Re: [CODE4LIB] Indexing MARC(-JSON) with MongoDB?

2010-05-13 Thread Király Péter

Hi Fernando,

Yesterday I changed the Ubuntu to 64 bit version, because I'd like to try 
out

MongoDB indexing library records, and the 32 bit version has some limitation
(the maximal database could not exceed 2 GB). I haven't tried MARC yet, only
XC records, which is a derivative of MARC, but from the documentation I read
that the idea is absolutely possible.

This is an example from Mongo's document [1]:

doc = { author: 'joe',
 created : new Date('03-28-2009'),
 title : 'Yet another blog post',
 text : 'Here is the text...',
 tags : [ 'example', 'joe' ],
 comments : [ { author: 'jim', comment: 'I disagree' },
 { author: 'nancy', comment: 'Good post' }
 ]
}
db.post.insert(doc)
db.posts.find( { comments.author : jim } )

The most exciting here - for me - that is is not just a simple key-value
storage (a Lucene/Solr), but provides embeding field, so you can bravely
insert subfields, indicators etc. The will remain compact and findable.
So you can combine the relations known from traditional relational
databases and the flexibility and speed known from Solr.

I will let you know as soon I could insert first MARC records to Mongo.

[1] http://www.mongodb.org/display/DOCS/Inserting

regards,
Péter
eXtensible Catalog

- Original Message - 
From: Fernando Gómez fjgo...@gmail.com

To: CODE4LIB@LISTSERV.ND.EDU
Sent: Thursday, May 13, 2010 2:59 PM
Subject: [CODE4LIB] Indexing MARC(-JSON) with MongoDB?



There's been some talk in code4lib about using MongoDB to store MARC
records in some kind of JSON format. I'd like to know if you have
experimented with indexing those documents in MongoDB. From my limited
exposure to MongoDB, it seems difficult, unless MongoDB supports some
kind of custom indexing functionality.

According to the MongoDB docs [1], you can create an index by calling
the ensureIndex() function, and providing a document that specifies
one or more keys to index. Examples of this are:

   db.things.ensureIndex({city: 1})
   db.things.ensureIndex({address.city: 1})
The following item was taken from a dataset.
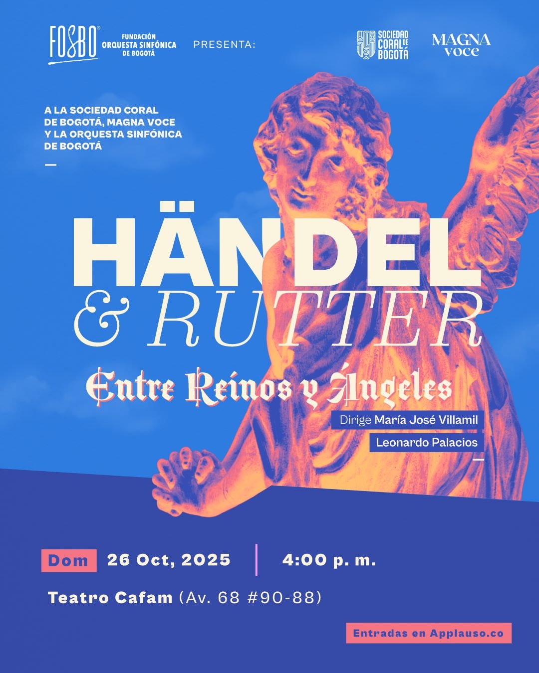 La Sociedad Coral de Bogotá, el Coro Magna Voce y la Orquesta Sinfónica de Bogotá ofrecerán un concierto que une el barroco y la música coral contemporánea, se trata de Handel & Rutter: Entre reinos y ángeles.

That is, you specify the keys giving a path from the root of the
document to the data element you are interested in. Such a path acts
both as the index's name, and as an specification of how to get the
keys's values.

In the case of two proposed MARC-JSON formats [2, 3], I can't see such
path. For example, say you want an index on field 001. Simplifying,
the JSON docs would look like this

   { fields : [ [001, 001 value], ... ] }

or this

   { controlfield : [ { tag : 001, data : fst01312614 }, ... ] }

How would you specify field 001 to MongoDB?

It would be nice to have some kind of custom indexing, where one could
provide an index name and separately a JavaScript function specifying
how to obtain the keys's values for that index.

Any suggestions? Do other document oriented databases offer a better
solution for this?


BTW, I fed MongoDB with the example MARC records in [2] and [3], and
it choked on them. Both are missing some commas :-)


[1] http://www.mongodb.org/display/DOCS/Indexes
[2] http://robotlibrarian.billdueber.com/new-interest-in-marc-hash-json/
[3] http://worldcat.org/devnet/wiki/MARC-JSON_Draft_2010-03-11


--
Fernando Gómez
Biblioteca Antonio Monteiro
INMABB (Conicet / Universidad Nacional del Sur)
Av. Alem 1253
B8000CPB Bahía Blanca, Argentina
Tel. +54 (291) 459 5116
http://inmabb.criba.edu.ar/



Re: [CODE4LIB] Indexing MARC(-JSON) with MongoDB?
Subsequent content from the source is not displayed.